9.1 Identify ‘untidy’ features of the dataset

Open this data set in Excel and identify the ‘untidy’ features within it. Make a note of what the problems are and what you would need to do to make it tidy?

💡 Click here to view a solution

These are the key features of the dataset that make it untidy:

  • Duplicate Columns with Slightly Different Names: There are two sets of growth measurements for each species, with slightly different names and values (Species A Growth (cm) vs Sp. A Growth (cm), and Species B Growth (cm) vs Sp. B Growth).
  • Inconsistent Formatting: The Light Condition column has values in uppercase, which may need standardisation.
  • Unnecessary Columns: Columns like Notes and Experiment ID may not be relevant for analysis and could be considered for removal or cleaning.

9.2 Manually tidy the dataset

Using the notes you made in the previous step, manually tidy the dataset in Excel. Save the tidied dataset as a new Excel file.

9.3 Tidy the dataset using dplyr

Now, let’s tidy a dataset using dplyr functions. First, load the tidyverse package then download and import this data file into R. This data was collected by a student from the entomology department. Their experiment was looking at the effect of diet on alarm pheromone production for two aphid species. This was measured by taking 100 individuals from each diet treatment and crushing them.
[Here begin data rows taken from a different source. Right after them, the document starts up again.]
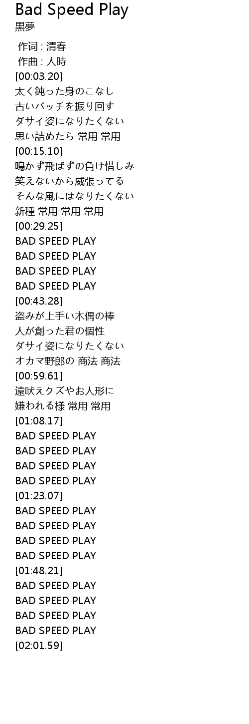 | [00:31.83] | BAD SPEED PLAY |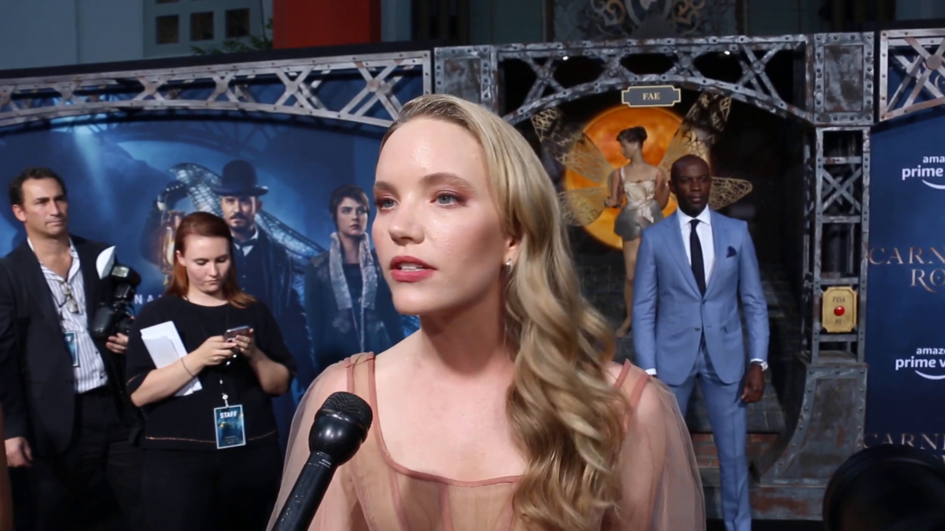 | Home > Screencaptures > TinseltownTV - Tamzin Talks Imogen at 'Carnival Row' Premiere |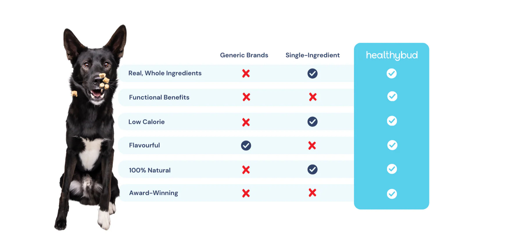 Healthybud’s Mini Trainers are made for maximum motivation with minimal ingredients. Low-calorie, big flavor, and gentle on sensitive tummies — they’re the reward your dog will actually work for.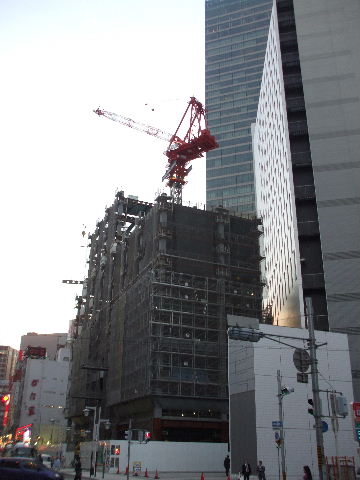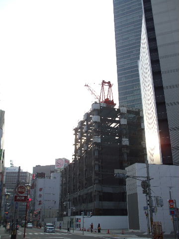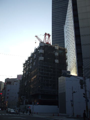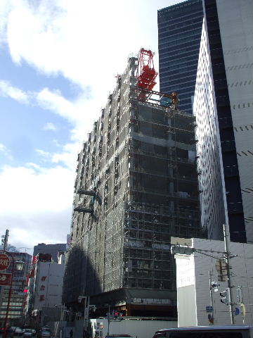 | 屋上の小さいクレーンが無くなった。1、2 階にも硝子が嵌められ始めている。 |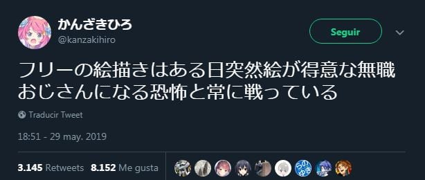 Mediante un tweet, dijo: «Un artista independiente lucha constantemente con el temor de convertirse en una persona desempleada que de repente solo realiza una ilustración por día».

Analytical chemistry techniques were used to quantify aphid alarm pheromone production.Then use dplyr functions to do the following on the tidy data frame:

  • Convert from wide to long format;
  • Filter rows to remove the partial artificial diet data;
  • Mutate the replicate column to turn it into a factor;
  • Calculate the mean and standard error for each treatment and aphid species.

Remember standard error of the mean is calculated as: sd(x)/sqrt(length(x)).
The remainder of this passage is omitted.